Bespoke capabilities bring History to the Present in New York
Testing Brooklyn’s Newest Playground at Domino Park in Williamsburg
(article taken from New York Times, 7th June 2018 by Daniel McDermon)
One of this weekend’s most anticipated art openings in Williamsburg has all the signature Brooklyn components: a postindustrial setting; the use of reclaimed materials; a nearby boutique taqueria; and a historical motif. And, yes, it’s a playground.
Designed by the artist Mark Reigelman, the playground sits at the northern end of Domino Park, a six-acre recreation area along the waterfront that opens to the public on Sunday. The green space is a central attraction in a sprawling project being developed by Two Trees Management just north of the Williamsburg Bridge, on the site of the former Domino Sugar refinery. The park nods to the history of the refinery by incorporating its industrial remnants, including syrup collection tanks.
Now the site’s previous life has inspired Mr. Reigelman’s design for the playground. As children proceed through the playground’s three sections, he explained, they mimic the refining process. “The idea is that a child enters as raw sugar cane,” Mr.
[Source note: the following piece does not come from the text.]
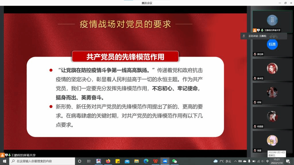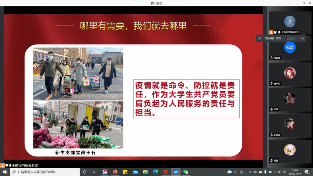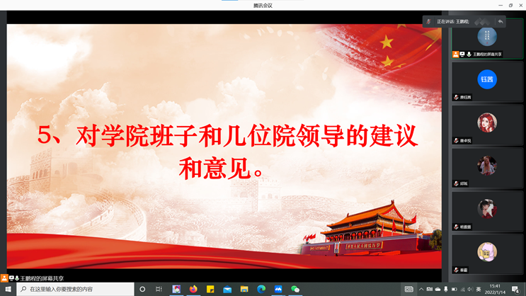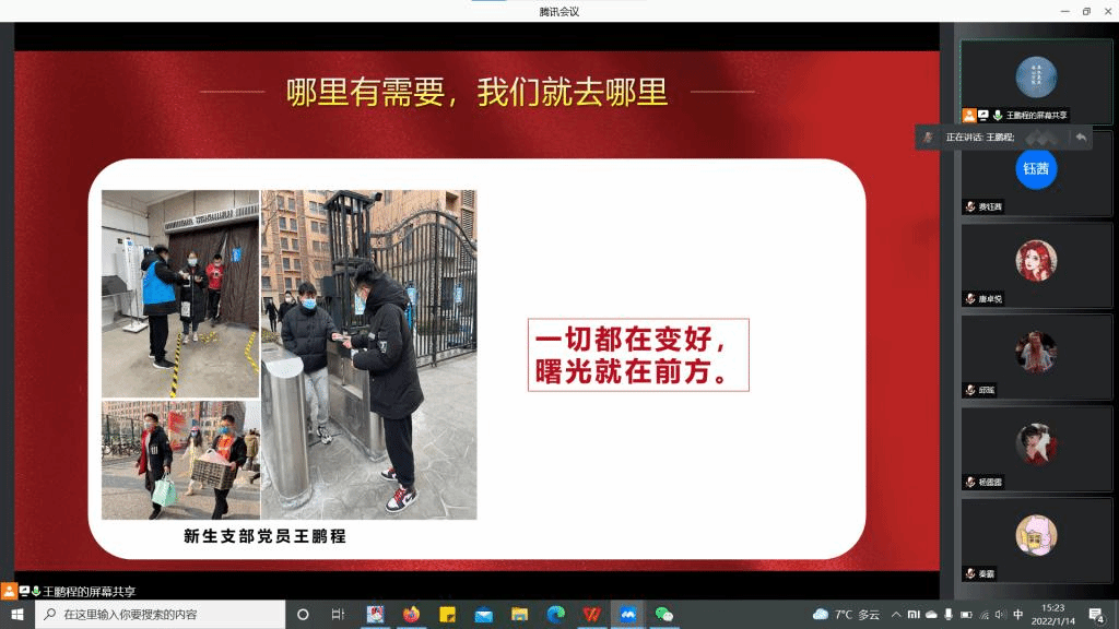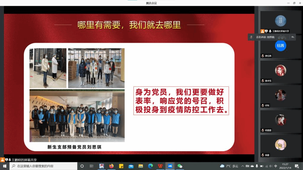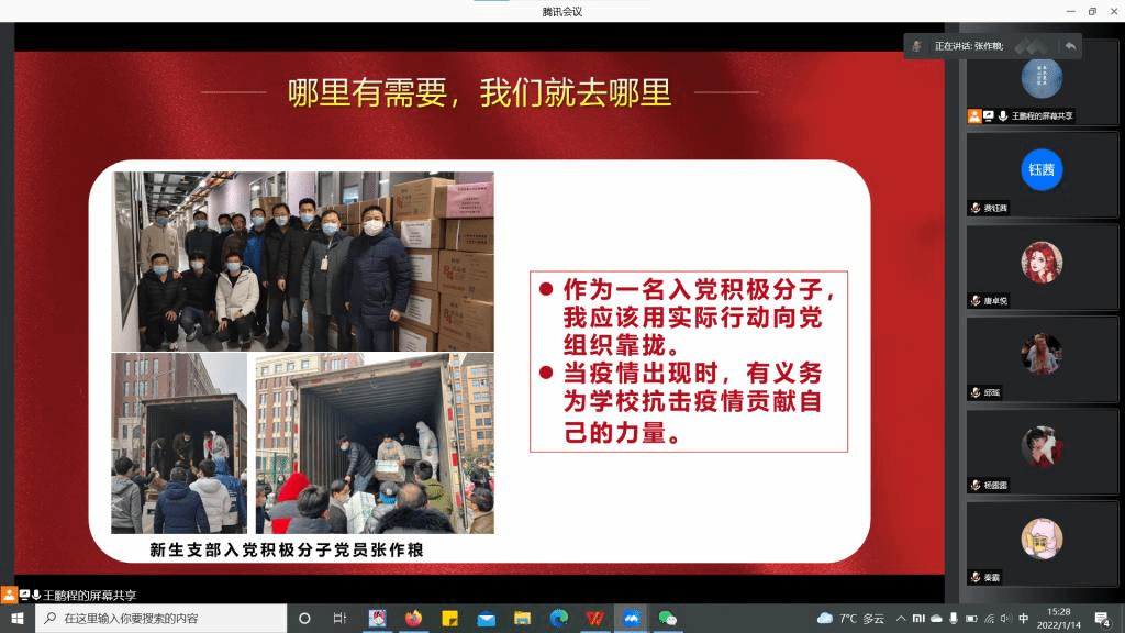 为更好把握伟大抗疫精神,凝聚磅礴奋进力量,争做西迁精神新传人,2022114日下午,脱裤吧 新生党支部在线上召开2022年第一次党员大会。会议由支部书记王鹏程主持,支部全体党员以及入党积极分子参加,脱裤吧 辅导员唐卓悦列席会议。

Reigelman said, “and exits at the last portion of the playground as molasses, or sugar cubes.”
Practically speaking, this means that children first climb a steep ramp into a cabin, then proceed through a series of tunnels, climbers, slides and catwalks through a rudimentary version of the manufacturing process. Signs evoke the refinery, and mechanical elements borrowed from the site include spinning valve wheels that were cast from Domino Sugar originals.
That might seem like a jarring scenario amid concerns about the health hazards of sugar and childhood obesity. But imagery aside, the play equipment is challenging enough to make clear that this is a place for burning calories, not consuming them. It’s more “American Ninja Warrior” training course than Wonka tour. And the manufacturing conceit is so subtle that children are unlikely to walk away with a candy jones.
“I do not want kids to be learning how to make sugar,” Mr. Reigelman said.
“What kids should be learning here is language, social dynamics, physicality,” he added. “Like how to move through space and get through challenging obstacles.”
Mr. Reigelman is best known for public installations that fuse playfulness with history, such as “The Meeting House,” a canted Quaker-style house installed last year on the Rose Fitzgerald Kennedy Greenway in Boston.
This was his first playground design, and he spent hours in New York parks, studying the use of materials, the arrangement of sightlines and layout. Playground rules in the city generally forbid adults without children. So during the design process, which started two years ago, Mr. Reigelman said, “I had to borrow friends’ children.”
A couple of weeks before the opening, I accompanied three Brooklyn-based playground critics — my children, who are 7, 5 and 2 — on an extensive test of Mr. Reigelman’s venture. They leapt. They gamboled. They fell. And then, after a (healthy) snack break, I asked them for their impressions.
“Oh my!” said the oldest.
“Oh my!” said his sister.
The youngest held his tongue, but flung himself headfirst through a low entryway and declined several invitations to leave.
I scheduled a second interview a week later. Their highest praise went to the central portion of Mr. Reigelman’s design, the 26-foot-high silo enveloping ladders, webbed climbing material and the entrance to a slide that is far more precipitous than it seemed from outside. On the whole, the critics agreed, the space was worth recommending to a friend.